### Exercise details
Leave the pictures out and quote every line from the start of the listing to the line with "This LONELY HEARTS", inclusive.

========

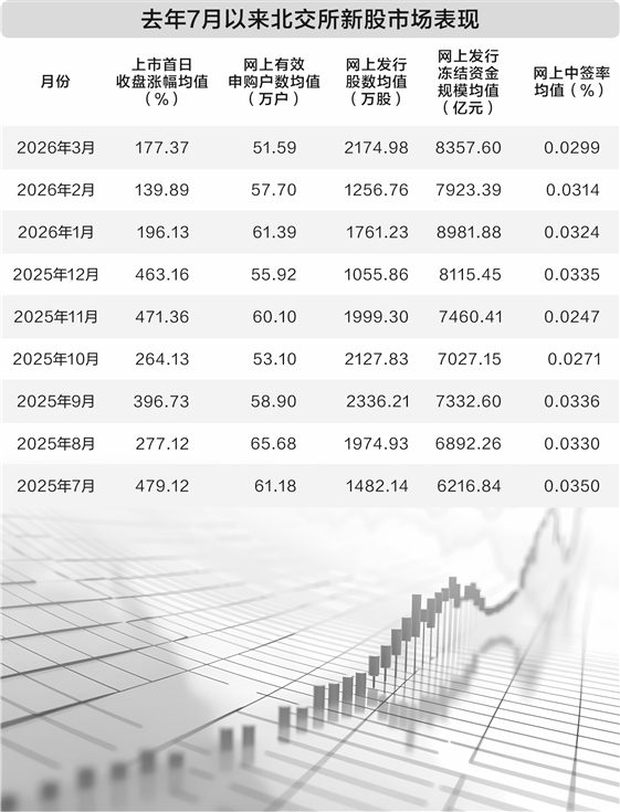 若拉长时间看,2026年以来,北交所新股首日涨幅整体下滑明显。据证券时报记者统计,1月5只新股首日涨幅平均值为196.13%;2月平均值下滑至139.89%;3月以来受族兴新材拉动有所回升,首日涨幅平均值为177.37%。
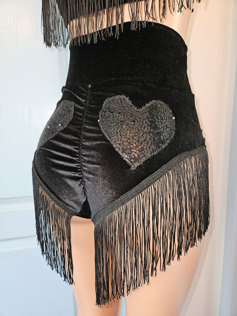 This LONELY HEARTS SHIMMY BOTTOM is an elegant and unique item, crafted with care from luxurious black stretch velvet and adorned with a cheerful black sequins heart appliqué and festive mauve fringe. With its eye-catching design, it will add an extra sparkle to any ensemble. It also has a real pocket!!
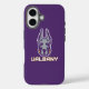 El logo de la mascota de la Universidad de Albany Great Dane muestra una elegante representación de la cabeza de un Gran Danés. El perro está ilustrado con líneas agudas y audaces en morado y gris, dándole una expresión feroz y segura de sí misma. Las orejas se sostienen alto, simbolizando la alerta y la fuerza. Debajo de la cabeza del Gran Danés está la palabra "UAlbany" escrita en letras de oro audaces y bloqueadas, delineadas en morado, reforzando la marca de la universidad. Este diseño representa a los equipos deportivos de la UAlbany, destacando el poder, la lealtad y la determinación.
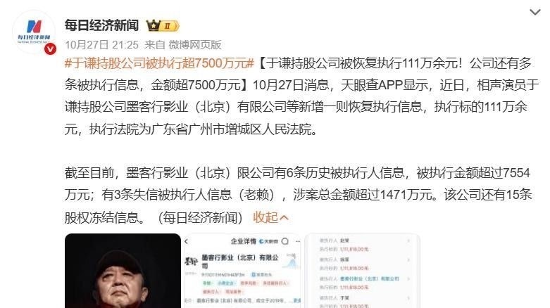 10月27日,广州法院发布一则执行信息,迅速引爆社交平台:于谦新增一笔111万元的恢复执行记录。消息一出,舆论哗然。
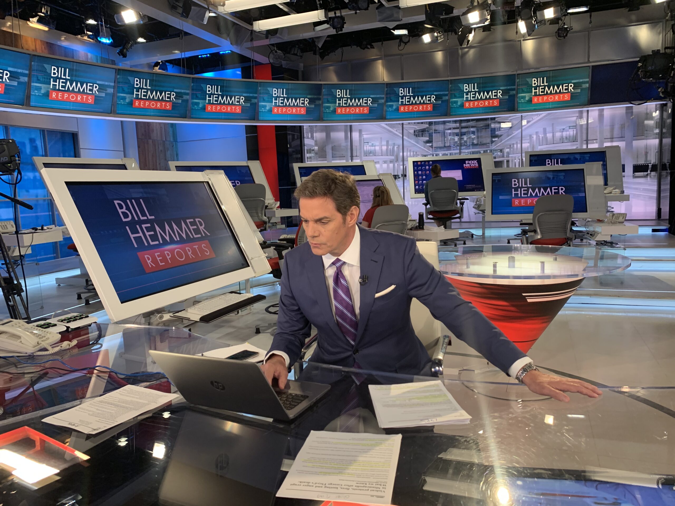 Instead of Bahamas screensavers, viewers of Bill Hemmer Reports in the 3 p.m. hour had grown accustomed to seeing a beehive of activity taking place behind the anchor. The state-of-the-art Fox News Deck from where the broadcast originates had — prior to the virus — been packed with staffers working at massively large terminals. Now, the audience sees Hemmer, and not too many others.

========

### Result
 若拉长时间看,2026年以来,北交所新股首日涨幅整体下滑明显。据证券时报记者统计,1月5只新股首日涨幅平均值为196.13%;2月平均值下滑至139.89%;3月以来受族兴新材拉动有所回升,首日涨幅平均值为177.37%。
 This LONELY HEARTS SHIMMY BOTTOM is an elegant and unique item, crafted with care from luxurious black stretch velvet and adorned with a cheerful black sequins heart appliqué and festive mauve fringe. With its eye-catching design, it will add an extra sparkle to any ensemble. It also has a real pocket!!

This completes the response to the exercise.